Curious Extracts.—Dean Nowell—Bottled Beer.—I was somewhat hasty in assuming (see Vol. vii., p. 135.) that bottled beer was an unknown department in early times, as the following extract will show. It is from Fuller's Worthies of England, under "Lancashire," the subject of the notice being no less a person than the grave divine Alexander Nowell, dean of St. Paul's, author of the Catechism, whose fondness for angling is also commemorated by Izaak Walton. Fuller, having noticed the narrow escape which Nowell had from arrest by some of Bishop Bonner's emissaries in Queen Mary's reign, having had a hint to fly whilst fishing in the Thames, "whilst Nowell was catching of fishes, Bonner was catching of Nowell," proceeds to say,—

"Without offence it may be remembered that, leaving a bottle of ale, when fishing, in the grass, he found it some days after no bottle, but a gun, such the sound at the opening thereof: and this is believed (casualty is the mother of more inventions than industry[[1]]) the original of bottled ale in England."—Nuttall's edit., vol. ii. p. 205.

Balliolensis.

Footnote 1:[(return)]

Fuller might have quoted the Greek proverb, Τύχη τέχνης ἔστερξε καὶ τέχνη τύχης.

A Collection of Sentences out of some of the Writings of the Lord Bacon (i. 422. edit. Montagu), with the ensuing exceptions, is taken out of the Essays, and in regular order:

No. 1. p. 33. of the same volume.
No. 2. p. 21.
No. 3. p. 5.
No. 4. p. 8.
No. 51. My reference is illegible: the words are,—"Men seem neither well to understand their riches nor their strength: of the former they believe greater things than they should; and of the latter, much less.
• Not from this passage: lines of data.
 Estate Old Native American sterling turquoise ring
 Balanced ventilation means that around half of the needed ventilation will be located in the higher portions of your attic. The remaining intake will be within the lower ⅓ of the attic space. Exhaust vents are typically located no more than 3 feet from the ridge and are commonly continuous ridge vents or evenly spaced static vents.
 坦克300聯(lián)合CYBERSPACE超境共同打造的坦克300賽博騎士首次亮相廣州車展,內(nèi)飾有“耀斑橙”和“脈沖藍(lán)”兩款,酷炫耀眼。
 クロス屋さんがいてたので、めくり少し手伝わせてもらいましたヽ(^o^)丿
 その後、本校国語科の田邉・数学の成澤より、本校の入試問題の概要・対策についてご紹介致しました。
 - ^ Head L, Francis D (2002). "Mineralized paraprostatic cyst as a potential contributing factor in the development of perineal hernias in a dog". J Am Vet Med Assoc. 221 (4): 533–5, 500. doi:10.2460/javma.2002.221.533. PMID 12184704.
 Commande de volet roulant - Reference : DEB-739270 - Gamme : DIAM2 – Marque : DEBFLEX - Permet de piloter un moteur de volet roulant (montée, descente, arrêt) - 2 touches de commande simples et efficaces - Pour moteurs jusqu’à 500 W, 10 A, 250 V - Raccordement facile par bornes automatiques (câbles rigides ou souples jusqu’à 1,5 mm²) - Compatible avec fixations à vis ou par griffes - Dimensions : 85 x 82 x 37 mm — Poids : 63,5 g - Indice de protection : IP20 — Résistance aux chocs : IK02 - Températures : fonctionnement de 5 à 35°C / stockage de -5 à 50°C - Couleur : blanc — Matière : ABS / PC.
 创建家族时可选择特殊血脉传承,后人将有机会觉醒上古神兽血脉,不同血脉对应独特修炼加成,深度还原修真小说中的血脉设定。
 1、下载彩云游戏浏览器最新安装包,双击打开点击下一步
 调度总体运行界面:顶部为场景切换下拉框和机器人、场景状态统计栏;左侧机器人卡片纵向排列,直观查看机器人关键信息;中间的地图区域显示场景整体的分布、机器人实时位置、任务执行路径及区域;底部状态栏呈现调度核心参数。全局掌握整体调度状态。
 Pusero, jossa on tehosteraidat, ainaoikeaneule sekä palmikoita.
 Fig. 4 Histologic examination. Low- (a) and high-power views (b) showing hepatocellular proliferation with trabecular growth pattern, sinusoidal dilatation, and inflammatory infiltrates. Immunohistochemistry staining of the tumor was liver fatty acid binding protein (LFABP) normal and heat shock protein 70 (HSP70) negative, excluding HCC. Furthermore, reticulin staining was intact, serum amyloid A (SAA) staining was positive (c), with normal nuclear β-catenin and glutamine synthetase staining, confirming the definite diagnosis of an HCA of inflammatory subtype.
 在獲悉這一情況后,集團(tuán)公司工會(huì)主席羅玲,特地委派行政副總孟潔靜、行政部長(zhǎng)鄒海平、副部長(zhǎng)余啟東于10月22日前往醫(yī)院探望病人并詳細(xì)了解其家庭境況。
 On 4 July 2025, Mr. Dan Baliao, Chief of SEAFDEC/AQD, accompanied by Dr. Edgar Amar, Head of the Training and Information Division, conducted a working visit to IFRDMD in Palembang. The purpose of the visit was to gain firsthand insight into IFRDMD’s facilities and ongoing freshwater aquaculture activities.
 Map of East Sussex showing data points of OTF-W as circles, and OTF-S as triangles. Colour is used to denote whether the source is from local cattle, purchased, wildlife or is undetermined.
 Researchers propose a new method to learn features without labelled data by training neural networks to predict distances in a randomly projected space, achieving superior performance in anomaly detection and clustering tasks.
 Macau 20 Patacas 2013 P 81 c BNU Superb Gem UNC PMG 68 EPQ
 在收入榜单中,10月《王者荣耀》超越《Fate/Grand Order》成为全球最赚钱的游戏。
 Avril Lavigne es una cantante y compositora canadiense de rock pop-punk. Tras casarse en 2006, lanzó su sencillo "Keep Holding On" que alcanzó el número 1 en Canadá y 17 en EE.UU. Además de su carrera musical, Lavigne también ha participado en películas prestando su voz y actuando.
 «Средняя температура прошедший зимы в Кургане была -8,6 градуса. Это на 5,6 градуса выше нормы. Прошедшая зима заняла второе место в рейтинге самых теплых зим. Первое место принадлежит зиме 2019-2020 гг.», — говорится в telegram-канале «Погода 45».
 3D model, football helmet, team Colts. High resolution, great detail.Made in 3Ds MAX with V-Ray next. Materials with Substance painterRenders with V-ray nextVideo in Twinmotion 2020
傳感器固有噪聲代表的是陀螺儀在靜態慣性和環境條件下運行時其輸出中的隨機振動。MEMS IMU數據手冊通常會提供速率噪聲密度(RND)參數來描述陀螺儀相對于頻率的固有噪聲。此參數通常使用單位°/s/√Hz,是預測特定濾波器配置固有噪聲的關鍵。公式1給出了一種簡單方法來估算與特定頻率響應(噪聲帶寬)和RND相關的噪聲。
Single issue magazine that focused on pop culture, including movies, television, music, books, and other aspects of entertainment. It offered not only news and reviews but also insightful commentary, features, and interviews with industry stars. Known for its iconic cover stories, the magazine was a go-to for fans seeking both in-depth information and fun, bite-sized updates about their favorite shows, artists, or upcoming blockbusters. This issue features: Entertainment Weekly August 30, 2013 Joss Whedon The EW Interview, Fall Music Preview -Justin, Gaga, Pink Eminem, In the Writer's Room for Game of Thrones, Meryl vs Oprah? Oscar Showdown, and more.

And from hence, certain fatal pillars have bounded the progress of learning."
No. 68. pp. 173. 272. 321.
No. 69. p. 185.
No. 70. p. 176.
No. 71. Vol. vi., p. 172. The Charge of Owen, &c.
Nos. 72, 73. Vol. vii., p. 261. The Speech before the Summer Circuits, 1617.

S. Z. Z. S.

Law and Usage.—In The Times of September 1, the Turkish correspondent writes as follows:

"Mahmoud Pasha declared in the Divan of the 17th that 'he would divorce his wife, but would not advise a dishonourable peace with Russia.' This is an expression of the strongest kind in use amongst the Turks."